Currently we are both playing this game called “Woody” it’s where you match up blocks and watch the lines collapse causing your score to increase with each move you make. I started playing the game a few days before he did and got him hooked soon after.
For me, this was a way to excersise my mind and help remove anxiety along with increasing focus. For him, I think it’s just good ol’ trying to beat my score, which he recently done.
Tonight when he came home from work he asked ” Have you beat my score yet?” I hadn’t but I’m not trying to with this game…no, it’s about me trying to increase my own score against myself; to just do better each time.
However; this question got me to thinking, how often is it when we start something we get our focus set on someone else’s score or how good they are doing and how it doesn’t take us long before we are trying to out do them or catch up to them.
We do this a lot in the South with our lives. Girls feel they have to get married early and have children. Guys feel like they have to jump right into a career, buy a home and then get married and since the pressure is so high on females for this we put that pressure on guys. We have to stay up with the others or there is something wrong with us.
We also do this in our professional lives as well. We try to out do the co-worker next to us and forget to double check our work or we skip steps causing a major issue. Maybe they are ahead of you on a project but you want to be competitive and do better so you short cut some things.

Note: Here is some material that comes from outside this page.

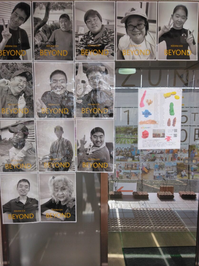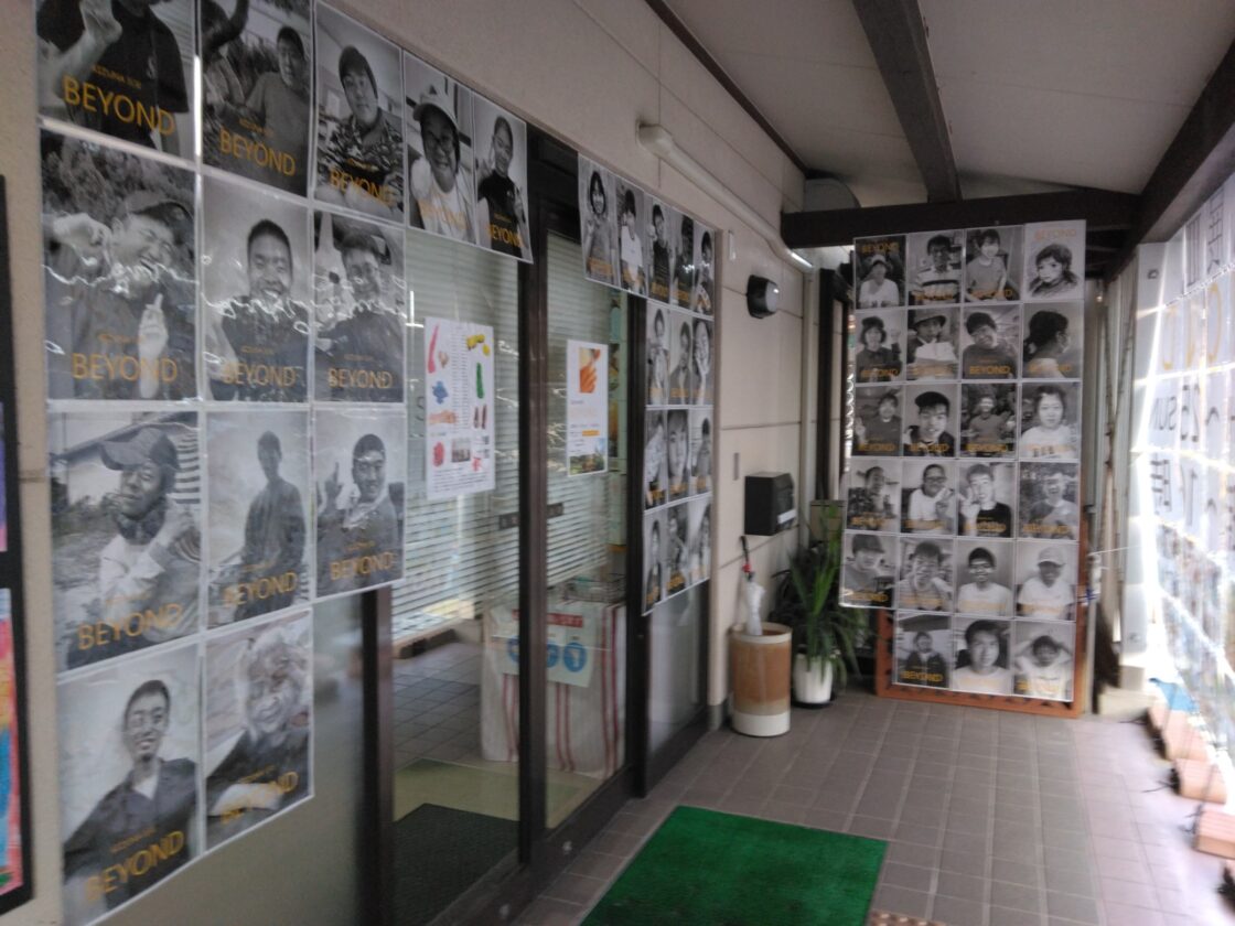 ▲きずなの里のご利用者さまのソロ写真でお客様をお出迎え

There are so many situations in our personal lives as well as professional lives that this type of thing can occur. While healthy competition is always good for us it should never get the best of us and cause us to short cut anything.
There’s value in the work.
We must learn to go at our own pace and to embrace the season of life we are in. I will admit when I wasn’t married by 25 or 30, I was angry at my then boyfriend (now husband) but looking back had we gotten married during that time we would probably be on our way to a divorce lawyer now. We had growing that needed to be done and now we have an amazing marriage full of love, respect and laughter.
Embracing seasons is not always pleasent and it can really be a time of testing our faith as well as our motives. If we are trying to rush it so we can catch up or be better than the person beside us we run the risk of missing the blessing in the waiting as well as the working.
At the end of the day the only person we need to try and be better than or the only person we need to compete against is ourselves. Strive to do better than you did yesterday and learn to not rush things. Hone your skills while you are in your season of waiting. Work for the blessing that is coming your way.